Decisão Monocrática nº 50162334020198210008 Tribunal de Justiça do Estado do Rio Grande do Sul, Oitava Câmara Cível, 25-11-2022

Data de Julgamento25 Novembro 2022
Tribunal de OrigemTribunal de Justiça do RS
Classe processualApelação
Número do processo50162334020198210008
Tipo de documentoDecisão monocrática
ÓrgãoOitava Câmara Cível

PODER JUDICIÁRIO

Documento:20003033845
Poder Judiciário
Tribunal de Justiça do Estado do Rio Grande do Sul

8ª Câmara Cível

Avenida Borges de Medeiros, 1565 - Porto Alegre/RS - CEP 90110-906

Apelação Cível Nº 5016233-40.2019.8.21.0008/RS

TIPO DE AÇÃO: De Tráfico Ilícito e Uso Indevido de Drogas

RELATOR(A): Des.

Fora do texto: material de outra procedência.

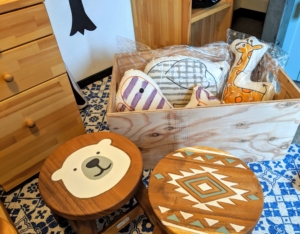 大工さん手作りの木のボックスも売っておりますので、ぜひ遊びに来てください!!
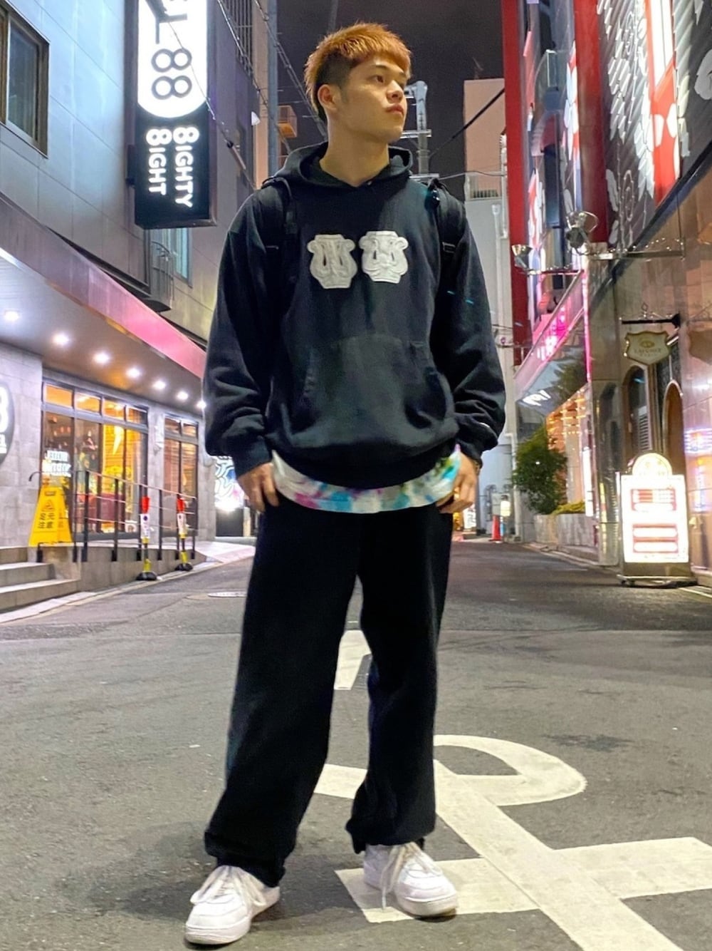 『ブラックストリートコーデ』 あけましておめでとうございます⛩ 今年も張り切って投稿していきますのでよろしくお願いいたします🙇♂️ 今回はダボっとストリートコーデで決めました! トップスとパンツの色を黒で合わせ、オーバーサイズシルエットにair forceを合わせています! ポイントはスウェットからチョろっとシャツを出す事です😎 皆さんも是非🙇♂️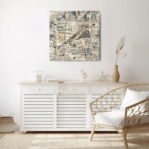 Väggklocka - Klocka på glas - Porträtt av en kvinna med linjekonturer mot en ljus bakgrund - 30x30cm - Väntar på avkodning - Modern väggdekoration för vardagsrum, kök och sovrum ARTTOR

RUI PORTANOVA

EMENTA

APELAÇÃO CÍVEL. ECA. ATO INFRACIONAL. OITIVA DO REPRESENTADO SOMENTE NA AUDIÊNCIA DE APRESENTAÇÃO. VIOLAÇÃO DO PRINCÍPIO DO CONTRADITÓRIO E DA AMPLA DEFESA. NECESSIDADE DE DEPOIMENTO DO ACUSADO COMO ÚLTIMO ATO DA INSTRUÇÃO PROCESSUAL, NOS TERMOS DO JULGAMENTO DO SUPREMO TRIBUNAL FEDERAL, NO HC Nº 212.693/PR. DESCONSTITUIÇÃO DA SENTENÇA.

SENTENÇA DESCONSTITUÍDA, EM MONOCRÁTICA.

DECISÃO MONOCRÁTICA

Adoto o relatório do Ministério Público:

“Trata-se de recurso de apelação interposto por Henrique M. da S. diante de decisão proferida pelo MM. Juízo da Infância e Juventude da Comarca de Canoas, que julgou parcialmente procedente a representação contra ele ajuizada pelo Ministério Público, aplicando-lhe a medida socioeducativa de internação sem possibilidade de atividades externas pela prática de condutas análogas aos crimes previstos no art. 33, caput, cumulado com o art. 40, IV, ambos da Lei nº 11.343/2006, e art. 16, caput, da Lei nº 10.826/2003, na forma do art. 69 do Código Penal (Evento 3 – PROCJUDIC5, fls. 02/08).

Em suas razões, a Defesa indica haver fragilidade no conjunto probatório produzido. Refere que a condenação foi baseada somente na palavra dos policiais militares responsáveis pela abordagem, sem qualquer outro indicativo. Assim, considera que a autoria dos fatos não pode ser atribuída ao adolescente, o que, com base no princípio do in dubio pro reo, conduz à improcedência da representação. Adiante, questiona a confiabilidade dos laudos periciais realizados na arma de fogo encontrada na posse de Henrique, porquanto, diante de “divergências e inconsistências”, não há certeza sobre o artefato. Destaca que, analisando-os, nota que são mencionados dois diferentes revólveres, um da marca Taurus e outro da marca Rossi. Por isso, quer o afastamento da majorante pelo emprego de arma de fogo, previsto no art. 40, IV, da Lei nº 11.343/2006. Depois, pondera que o 2º e o 3º fatos da representação devem ser considerados conduta única. Alega que a arma e as munições, mesmo que de calibres diferentes, foram encontrados no mesmo contexto. Objetiva, com isso, reflexo positivo na medida socioeducativa aplicada. Por fim, argumenta que a medida de internação não pode ser atribuída ao representado, visto que o pedido do Ministério Público é de aplicação de medidas mais brandas, de liberdade assistida e prestação de serviços à comunidade. Sinala que a sentença assim pode ser caracterizada como extra ou ultra petita. Busca a aplicação de medida socioeducativa “proporcional a sua conduta”. Pugna pelo provimento do recurso.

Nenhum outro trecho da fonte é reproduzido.